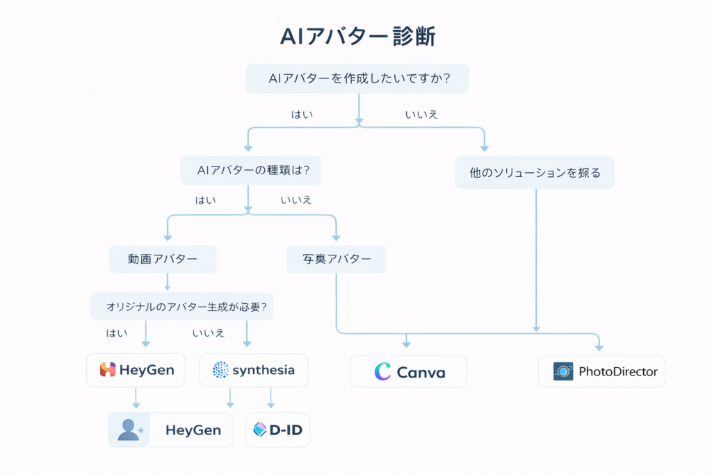 AIアバターツールを選ぶ際は、「静止画・動画・対話のどのタイプが必要か」「商用利用の有無」「予算」の3点を明確にすることが成功の鍵です。
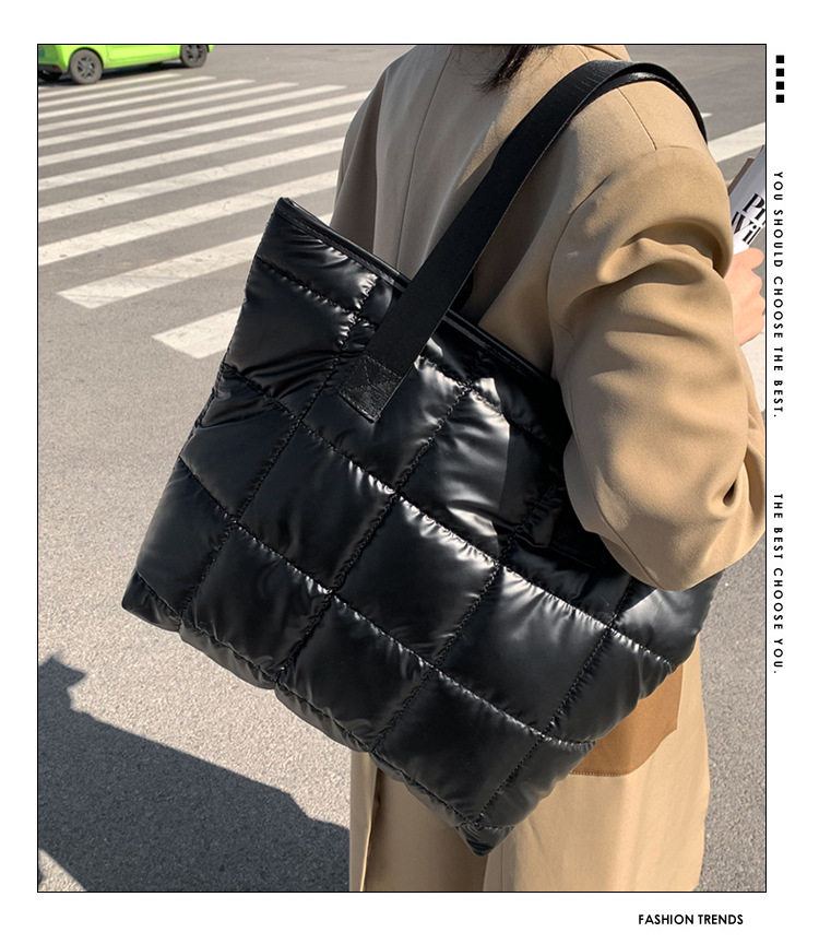 Korean Style Lightweight Large Bag Women’s Fashionable Cotton-padded Coat Tote Bag 2023 New Arrival Large Capacity Popular Shoulder Bag
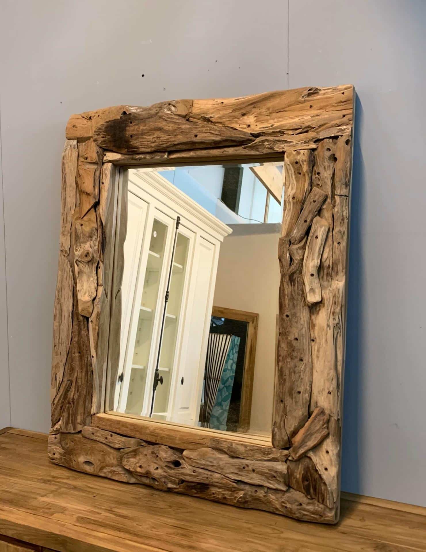 Diverse maten spiegels met een lijst gemaakt van drijfhout. Hierdoor is elke spiegel uniek.
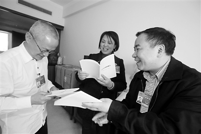 3月6日中午,在参加十二届全国人大三次会议的湖南代表团驻地,来自企业一线的职工杨淑娣代表(图中)听说身为企业家的田儒斌代表(图右)自己印制了一本《2014年履职报告》的小册子,便主动上门讨要。这一幕被从门口经过的叶文智代表看见也要了一本。田儒斌代表今年来北京参加两会时带了100本履职报告,现在只剩下了不到10本。本报记者 杨登峰 摄
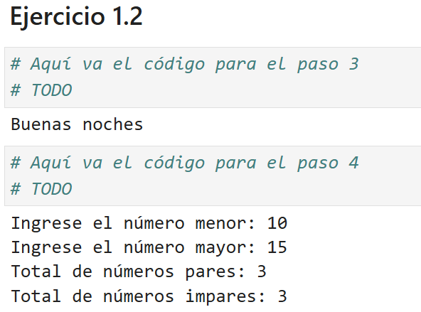 datetimecon un alias diferente adt, cree un objeto fecha/hora y acceda a los datos de la hora. A continuación, cree un control de flujo que, con base en el objeto creado, salude al usuario con buenos días, buenas tardes o buenas noches, de acuerdo a la hora del objeto. - Cree un programa que solicite al usuario dos números enteros y cuente los números pares e impares que hay entre ellos, ambos números inclusive. Al finalizar el ciclo, se deben imprimir los resultados
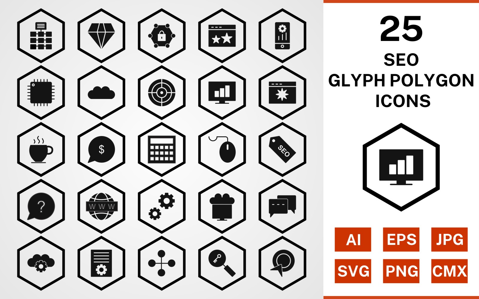 Download Набор иконок "25 Seo Glyph Polygon Icon Set" / 25 Seo Glyph Polygon Icon Set - Набор иконок на тему network set,file,icon,icons,glyph,vector,sign,symbol,pictogram,polygon,seo,network,settings,stats,diamond,conversation,starred,target,processor
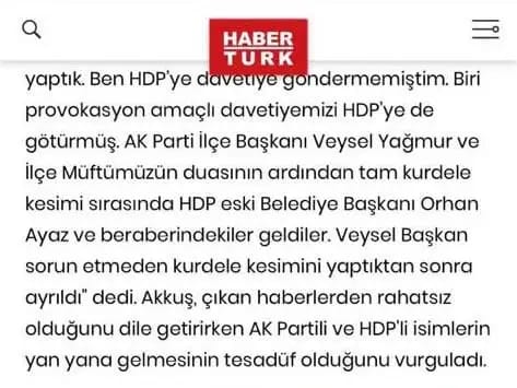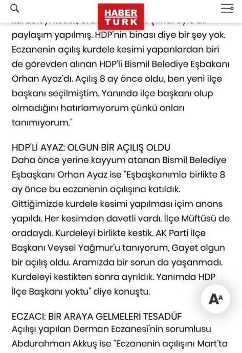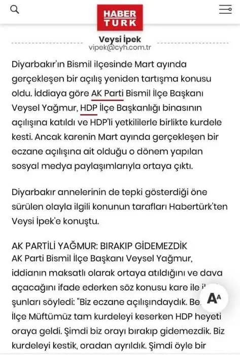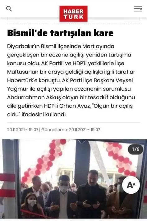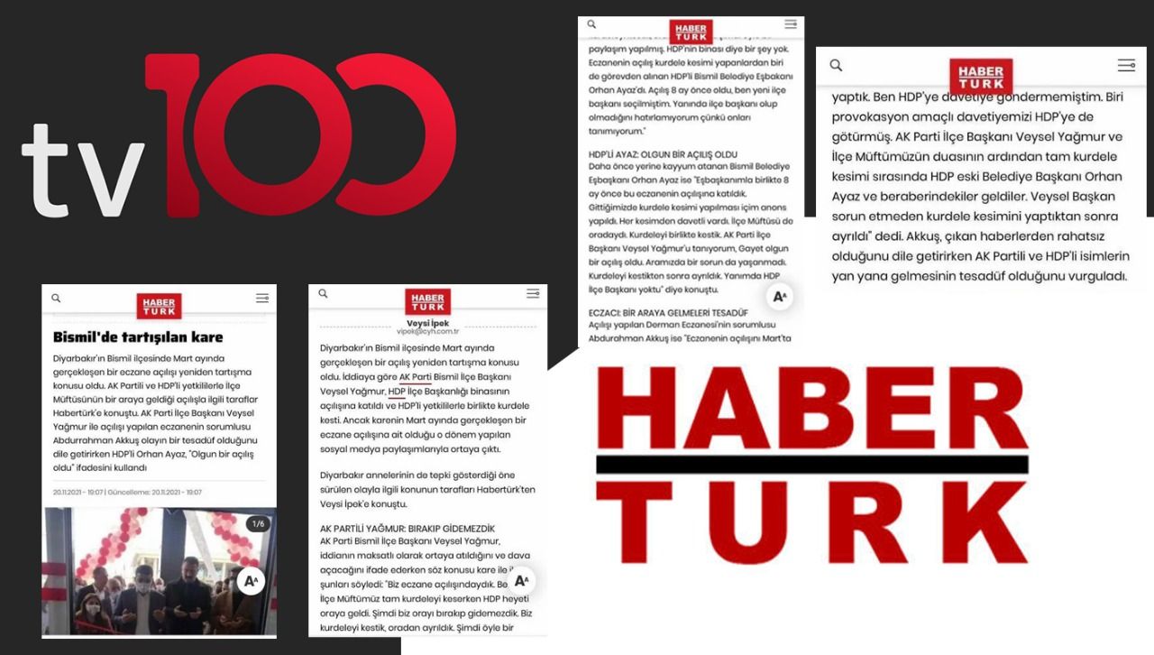 Diyarbakır’da AK Parti Bismil İlçe Başkanı Veysel Yağmur’un “HDP İlçe binası açılışına katıldığı”na dair haber gerçek dışı çıktı. Söz konusu etkinliğin, bir eczane açılışı olduğu, açılışa ilin ileri gelenlerinin katıldığı bildirildi. Ayrıca açılışın Mart ayında yapıldığı saptandı. Başkan Yağmur'u hedef tahtasına oturtan, doğrudan da Cumhur İttifakı'nı yıpratma amacı güden kumpasta TV100 ve Habertürk başrol oynadı.

════════════════

In the records above, transcribe exactly the lines from the one containing "Download Набор иконок" through the last line, both included, and skip the pictures.

 Download Набор иконок "25 Seo Glyph Polygon Icon Set" / 25 Seo Glyph Polygon Icon Set - Набор иконок на тему network set,file,icon,icons,glyph,vector,sign,symbol,pictogram,polygon,seo,network,settings,stats,diamond,conversation,starred,target,processor
 Diyarbakır’da AK Parti Bismil İlçe Başkanı Veysel Yağmur’un “HDP İlçe binası açılışına katıldığı”na dair haber gerçek dışı çıktı. Söz konusu etkinliğin, bir eczane açılışı olduğu, açılışa ilin ileri gelenlerinin katıldığı bildirildi. Ayrıca açılışın Mart ayında yapıldığı saptandı. Başkan Yağmur'u hedef tahtasına oturtan, doğrudan da Cumhur İttifakı'nı yıpratma amacı güden kumpasta TV100 ve Habertürk başrol oynadı.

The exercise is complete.